Our former police chief became “former” after a lawsuit was settled for a few hundred thousand with a female civilian employee who was groped by male officers in the chief’s presence, during a “training exercise”

He found another job in the same state in another somewhat less prosperous but even more lily white suburb.

His replacement in our town was run out of a more diverse community after expressing support for Derek Chauvin on social media.

Now neither of them had criminal convictions, but neither does the cop in Kansas as far as I can see.

BTW, the hole in the police department budget made by the settlement with the victim of sexual assault was filled by laying off ALL the crossing guards. Of course the school department had to hire the crossing guards, and in turn lay off a bunch of classroom aides. Leading to a bunch of lawsuits from special education students.

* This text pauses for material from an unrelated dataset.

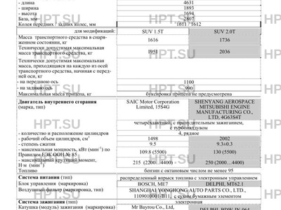 | ДВС | SAIC Motor Corporation Limited, 15S4G SHENYANG AEROSPACE MITSUBISHI ENGINE MANUFACTURING CO., LTD, 4G63S4T четырёхтактный, с принудительным зажиганием, с турбонаддувом |

But most people in town still idolize the cops. People with degrees from Harvard, MIT and Dartmouth. Lawyers, Engineers, Captains of Industry. Not just yobbos. Businesses are falling over each other to fete them

He’ll have another job in no time. He’s simply being persecuted for having the balls to take on the no-good radical mainstream press. Plenty of towns will be happy to have someone like that.

Notoriety is good thing these days among a certain population.

If indeed he’s rehired quickly that fact ought to come to the WWW’s general awareness pretty shortly thereafter. So for once we’ll know the outcome to all our respective confident predictions.

OTOH, even if he doesn’t find another LEO job quickly, I won’t ever be able to smirk and say ‘I told you so’. Unless he announces that he’s leaving law enforcement forever, I guess.

Don’t know if this is paywalled or not.

Former police chief Cody has issued a response to the lawsuit filed against him.

Update: Youtuber LegalEagle has released a video covering the whole mess up to now.

This showed up at the bottom of the page. Yeah, he’ll be lucky if his employment future even involves the phrase “Want fries with that?”

Not that there’s anything wrong with working fast food in itself, just sayin’.

City of Marion continues to flout the law.

Thanks for the update. Yeah - if the City had zero culpability, or even a deniable amount, they’d want to put as much forward as to “clear the record” or “come clean”. Instead, they’ve dug in beyond what I would have expected when they let the sheriff go.

Methinks I was not wrong when I brought up the Oklahoma officials case way back in #6. I feel a very, Very strong taste of “How DARE you report on us” from all the city government bodies involved.

Of course, it could be an even more simple issue. They may have talked in the clear about actionable, criminal intent and are doing just CYA and Delay. It wouldn’t surprise me at this point.

Update: Owner and publisher of the newspaper has filed a lawsuit, the fourth such suit resulting from the raid. In part, the suit is on behalf of his mother, who died a day after the cops raided her house.

Former reporter settles part of her lawsuit over a police raid on a Kansas newspaper for $235,000

The settlement removed the former police chief in Marion from the lawsuit filed by former Marion County Record reporter Deb Gruver, but it doesn’t apply to two other officials she sued over the raid: the Marion County sheriff and the county’s prosecutor.

https://apnews.com/article/kansas-newspaper-raid-lawsuit-b0b825c3643d407a0379893256db224d

Good.

Agreed. Here’s CNN’s coverage:

If I’m understanding it right, this prosecution is for impeding the investigation into the raid itself. So he’s being prosecuted for interfering with other police (and DAs), but not for the actual raid itself. So lying on the warrant and conducting an illegal raid was fine.

Hopefully that will change.

Note that what he’s being charged with is not the raid itself or anything that led up to it, but some as-yet-unspecified action he took after the raid which the prosecutor believes constitutes obstruction of justice.

Ninjaed.

Small bump: I was curious about the status of this matter, so I went and looked for an update. I figure it’s worth letting people know the prosecution against the former police chief is continuing to grind forward. This is from a few weeks ago.

(I also agree with the comments from the newspaper’s publisher. It’s weird that the ex-chief is being held out as the sole fall guy. This is clearly not the whole story.)

Thanks for following up on this. It sounds like the story is being gently buried, for lack of attention outside the town. Too bad.